The title of this book is taken from Dylan Thomas' poem, "Do Not Go Gentle Into That Good Night" in which the poet begs his father not to give in to death, to fight it for his son's sake. Part of the beauty of this poem is how we can connect and identify so easily with the poet. We can all appreciate how difficult it is to let a loved one go.
Everything about medical training and practice focuses on making the patient better. Doctors are trained to find the source of the medical problem and cure it, and that's what we at the bedside expect.
What happens, though, with a desperately ill person, when treatments don't work or stop working, when one invasive procedure is tried after another, another medication is prescribed, and infections still surface, organs still continue to fail? Should doctors still prescribe tests, order procedures? Should patients continue to fight? Should loved ones still urge that "everything be done"?
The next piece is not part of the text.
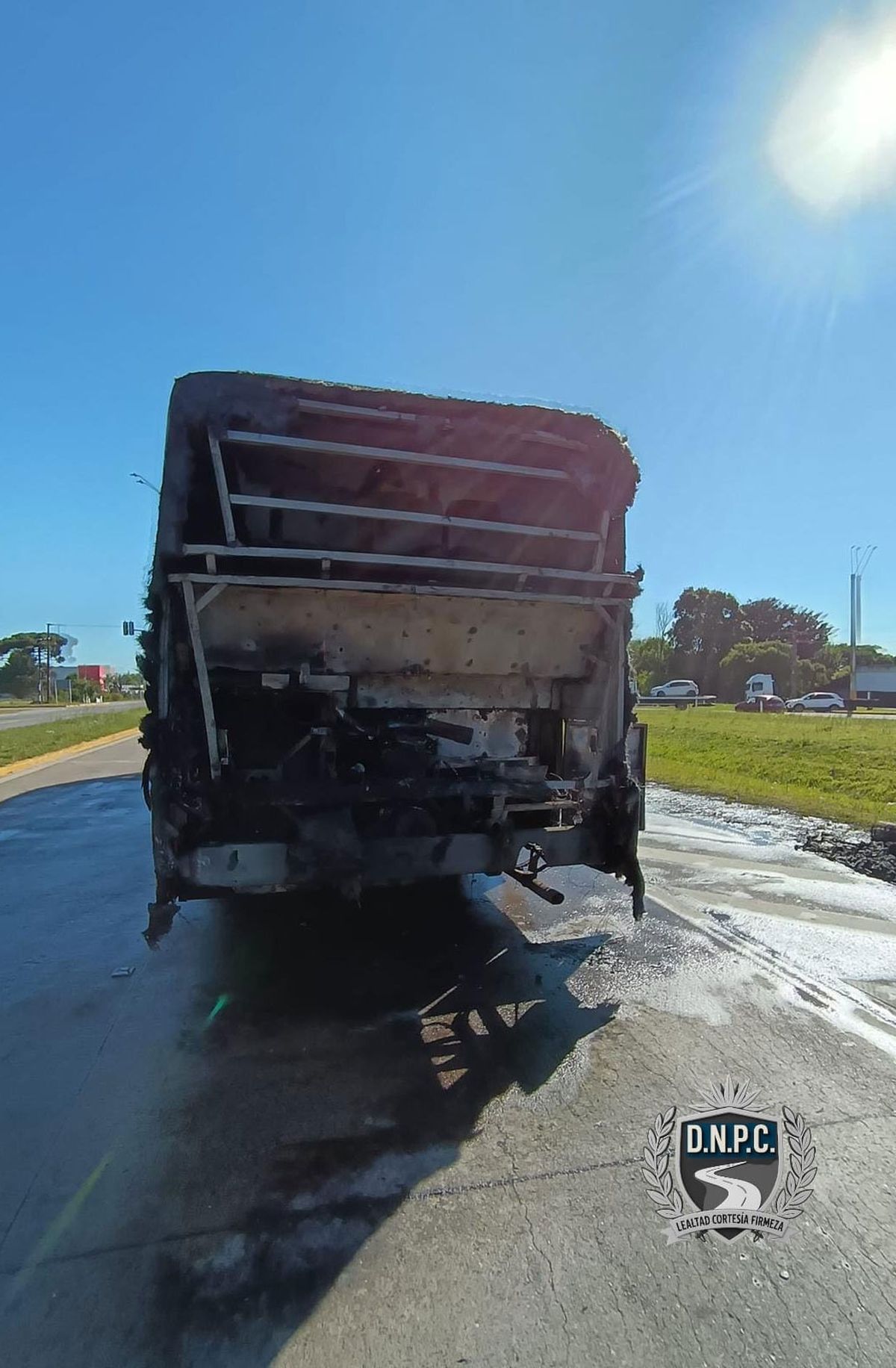 Según informó Policía Caminera, no hubo heridos. El fuego fue controlado y se limitó a la parte de atrás del ómnibus.

Those are the questions, among others, Dr. Sunita Puri began to ask herself at the end of her medical training. In this carefully written book she traces her medical journey, the grueling hours, doubts, and career decisions while also sharing the profound influence of her parents, India immigrants, her mother, an anesthesiologist, and her father, an engineer. Her training focused on preserving life at all costs, but the temporary nature of human life and the eternal nature of the soul, a recurrent theme throughout the book, taught to her and her brother from their youngest days, seems in conflict with medicine. The stories of her patients, their experiences in the "eleventh hour," are seamlessly woven in as she narrates her journey into palliative medicine and what she learns from them and other palliative care providers. Filled with warmth and compassion, understanding the depths of patients' and families' sadness and grief, sharing her own limitations honestly and openly, Dr. Piri has written a book I will long remember.
Every chapter in this book contains information that most of us would rather avoid or postpone discussion whether the decisions are about us or our loved ones. Dr. Puri shares and spirals information in a way that affirms the reader's fears (and her own as she readily admits she is often overwhelmed and fearful of death) and helps to clarify the reader's thinking about decisions that are best made before the crisis.
Some ideas that resonated with me during my reading include:
Economic and social inequalities shaped her patient's lives and their deaths; her patients in LA had fewer resources and abundant fear.
Along the way, Dr. Piri became an "accidental linguist," helping patients and families to deconstruct the layers of meaning they assign to a word or phrase such as "fighter," "warrior," "do everything," and "miracles." Does the fighter understand the complexity of the battle? What does the fighter know? What was worth fighting for? What does "giving up" mean? Could there be miracles aside from curing disease? What does "everything done" mean?
Dying is still living, "simply a continuum of living this messy, temporary life, human and imperfectly."
Death can't strip away the meaning and lasting impact of a human life.
Wisdom and dignity and strength are "the most essential components of the very private, internal process of making peace with life as part of the process of dying."
From the Bhagevah Gita: "The soul wears the body like a cloth and discards it at the time of death."... "Therefore, because death stirs people to seek answers to important spiritual questions it becomes the greatest servant of humanity, rather than its most feared enemy."
In the end, the question or challenge remains: "How to we accept the lesson of mortality: appreciating what we have now, in the midst of life, knowing that it is all a temporary gift?"